Evidence for an Interface of Hybrid Cocatalysts Favoring Photocatalytic Hydrogen Evolution Kinetics

Hybrid cocatalysts have great application potential for improving the photocatalytic hydrogen evolution performance of semiconductors. The interfaces between components of hybrid cocatalysts make a great contribution to the improvement, but the associated mechanisms remain unclear. Herein, we prepared and tested three comparative CdS-based photocatalysts with NiS, NiS/Ni₉S₈, and Ni₉S₈ as the cocatalysts separately.
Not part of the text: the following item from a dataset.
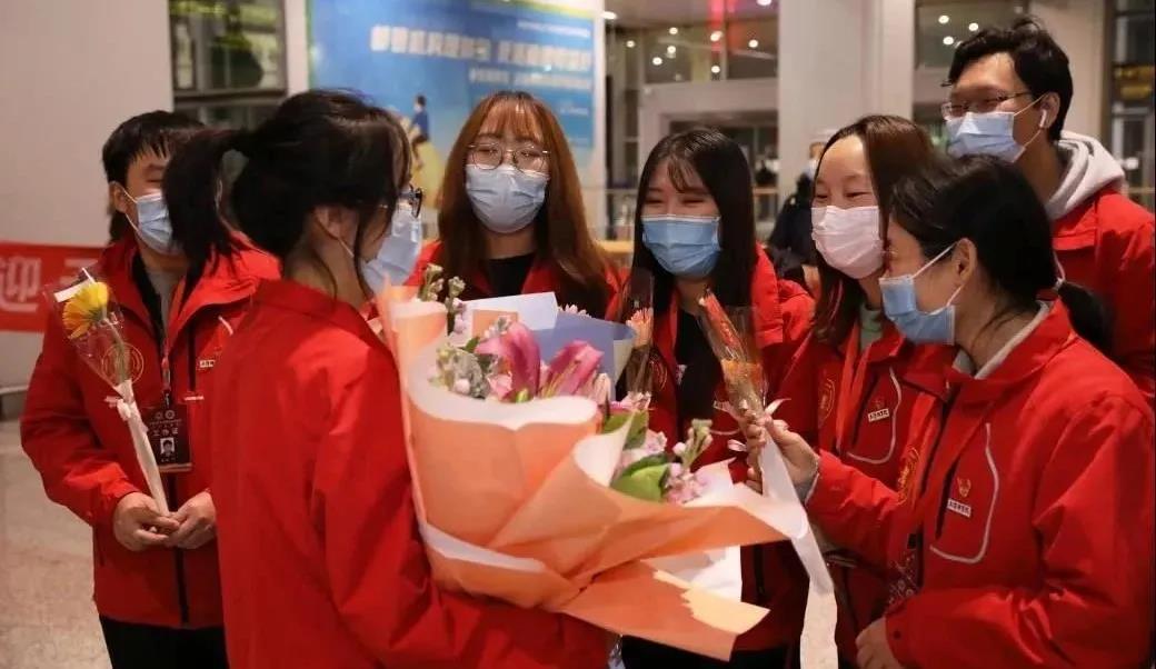 支教团师生抵达后,两所高校的相关负责人及师生代表,在机场大厅举行了简短的迎接仪式。支教团的每一位成员,都在第一时间收到了阔别已久的师长同窗们送上的鲜花,倍感温馨。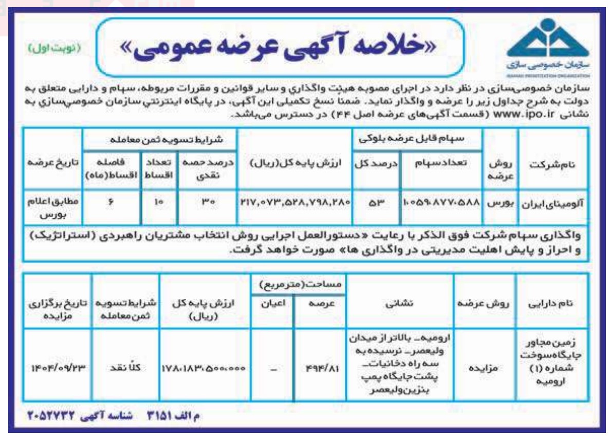 سازمان خصوصیسازی در نظر دارد در اجرای مصوبه هیأت واگذاری و سایر قوانین و مقررات مربوطه، شرکت آلومینای ایران و زمین مجاور جایگاه سوخت شماره (1) ارومیه را عرضه و واگذار نماید. نسخه تکمیلی این آگهی، در پایگاه اینترنتی سازمان خصوصیسازی (قسمت آگهیهای عرضه اصل 44) در دسترس میباشد.

The emphasis is placed on investigating the effect of the NiS/Ni₉S₈ interfaces on the photocatalytic hydrogen evolution performance of CdS. NiS/Ni₉S₈ exhibits a higher ability than NiS and Ni₉S₈ in making CdS a more active photocatalyst for water splitting. It shows that NiS, NiS/Ni₉S₈, and Ni₉S₈ perform similarly in terms of promoting the charge transfer and separation of CdS based on steady-state and time-resolved photoluminescence studies. At the same time, the linear sweep voltammetry and electrochemical impedance spectroscopy tests combined with the density functional theory calculations reveal that the component interfaces of NiS/Ni₉S₈ enable us to lower the water splitting activation energy, the charge-transfer resistance from the cocatalyst to sacrificial agent, and hydrogen adsorption Gibbs free energy. It is evidenced from this work that component interfaces of hybrid cocatalysts play a vital role in accelerating the dynamics of hydrogen evolution reactions.